Behandeling van longontsteking veroorzaakt door Klebsiella

De ziekte veroorzaakt door Klebsiella (micro-organismen gevonden in de menselijke darm), ontwikkelt zich tegen de achtergrond van immuniteitsstoornissen en leidt tot de ontwikkeling van een longinfectie. In de beginfase bij volwassenen worden aminoglycosiden en cefalosporines van de derde generatie gedurende 14-21 dagen gebruikt. Gebruik medicijnen:

  1. Amikacine - poeder voor de bereiding van een intraveneus en intramusculair toegediende oplossing, bevat amikacinesulfaat. Semisynthetisch antibioticum aminoglycoside bacteriedodend effect, waarbij de cytoplasmatische barrière van de cel wordt vernietigd. Gecontra-indiceerd bij ernstige nierinsufficiëntie, neuritis van de gehoorzenuw, zwangerschap. Dosering: 5 mg / kg lichaamsgewicht om de 8 uur. Voor ongecompliceerde infecties is toediening van 250 mg om de 12 uur aangewezen.
  2. Gentamicine is een aminoglycoside in de vorm van een injectie-oplossing die gentamicinesulfaat bevat. Overtreedt de eiwitsynthese van het celmembraan van micro-organismen. Gecontra-indiceerd bij overgevoeligheid voor de componenten. Applicatiemethode: 1-1,7 mg / kg lichaamsgewicht 2-4 maal / dag intraveneus of intramusculair. De behandelingsduur duurt 7-10 dagen.
  3. Cefalotin is een cefalosporine antibioticum van de eerste generatie dat werkt met de vernietiging van bacteriële cellen. Oplossing voor parenterale toediening op basis van cephalotine. Contra-indicaties: overgevoeligheid voor ingrediënten, bètalactamantibiotica. Dosering: intraveneus of intramusculair bij 0,5-2 g elke 6 uur. Voor complicaties is 2 g om de 4 uur aangewezen.

Met congestieve pneumonie

Antibiotica voor pneumonie van het congestieve type worden voorgeschreven uit de groep van cefalosporines, soms worden macroliden voorgeschreven. Congestieve pneumonie bij volwassenen is een secundaire ontsteking van de longen als gevolg van stagnatie in de longcirculatie. Met het risico van zijn ontwikkeling zijn patiënten met atherosclerose, hypertensie, ischemie, pulmonair emfyseem en somatische ziekten. Geneesmiddelen worden 14-21 dagen gebruikt:

  1. Digran - antimicrobiële tabletten uit de groep van fluorchinolonen op basis van ciprofloxacine-monohydraat en tinidazool-hydrochloride.
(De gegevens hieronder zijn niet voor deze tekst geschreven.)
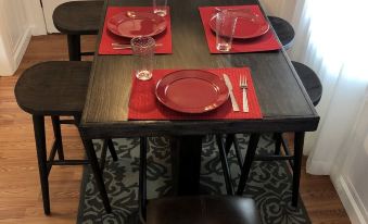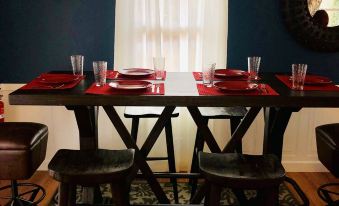 The good: The house was very comfortable and nicely decorated. It is in an older neighborhood but the setting has great large trees in the yard and woods right across the street from the DECK. You can watch squirrels play and listen to many different bird songs from the DECK. The not so good: The host refused to acknowledge there was a deck, thus no need for chairs on the deck and stated for, for whatever reason, that a deck is not listed on Amenities and, thus, "there is no outdoor dining area". The house has a very nice deck, about 12' by 15' and it faces the woods across the street and is well pictured in the listing. He stated "this is a very small house with a very small porch and his solution offered to me, in two different text conversations, was that he could move us to one of his much more expensive properties, as in $400/night, properties with "outdoor patio set ups. If you view many properties on VRBO as I have you are unlikely to find any listings with patios and decks that don't have outdoor seating. Also, if you have a group of any size there are lots of plates but only four glasses, three coffee mugs, and one plastic wine glass.
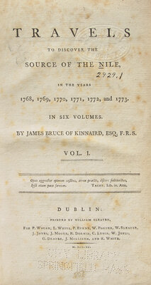 [TRAVEL & EXPLORATION] BRUCE, James. Travels to Discover the Source of the Nile... Dublin: Printed by William Sleater, For P. Wogan, L. White, P. Byrne, et al., 1790.

Doordringt de bacteriële wand, acterend bacteriedodend. Contra-indicaties: zwangerschap, borstvoeding, leeftijd tot 12 jaar. Dosering: 500-750 mg elke 12 uur vóór de maaltijd.
  2. Cefazoline - poeder voor de bereiding van parenterale oplossing. Bevat het natriumzout van cefazoline - een semisynthetisch cefalosporine-antibioticum van de eerste generatie. Het medicijn is bactericide, gecontra-indiceerd tijdens de zwangerschap, op de leeftijd van 1 maand. Wijze van gebruik: intramusculair of intraveneus 0,25-1 g elke 8-12 uur. In ernstige gevallen, de introductie van 0,5-1 g elke 6-8 uur.
  3. Targocid, een gelyofiliseerd poeder voor de bereiding van injecties, bevat teicoplanine, dat antimicrobiële en bacteriedodende effecten heeft. Blokkeert de synthese van de celwand en remt de groei van bacteriën en hun voortplanting. Contra-indicaties: overgevoeligheid voor bètalactamantibiotica. Dosering: intramusculair of intraveneus op de eerste dag, 400 mg, daarna 200 mg eenmaal daags / dag.

Antibiotica pillen

Het populairste medicatieformaat is tablets. Ze moeten tijdens of na een maaltijd worden ingenomen, water drinken. Populaire medicijnen:

  1. Erytromycine is een antibioticum-macrolide dat erythromycine bevat. Schendt de vorming van peptidebindingen tussen de aminozuren van bacteriën en veroorzaakt hun dood. Gecontra-indiceerd bij het verminderen van gehoor, borstvoeding, tot 14 jaar. Dosering: 0,25-0,5 g elke 4-6 uur.
  2. Moxifloxacine - bacteriedodende tabletten uit de groep van fluorchinolonen op basis van moxifloxacinehydrochloride. Blokkeer de enzymen die verantwoordelijk zijn voor de reproductie van het DNA van bacteriën. Contra-indicaties: leeftijd tot 18 jaar, zwangerschap, borstvoeding. Wijze van gebruik: 400 mg maal / dag gedurende 10 dagen.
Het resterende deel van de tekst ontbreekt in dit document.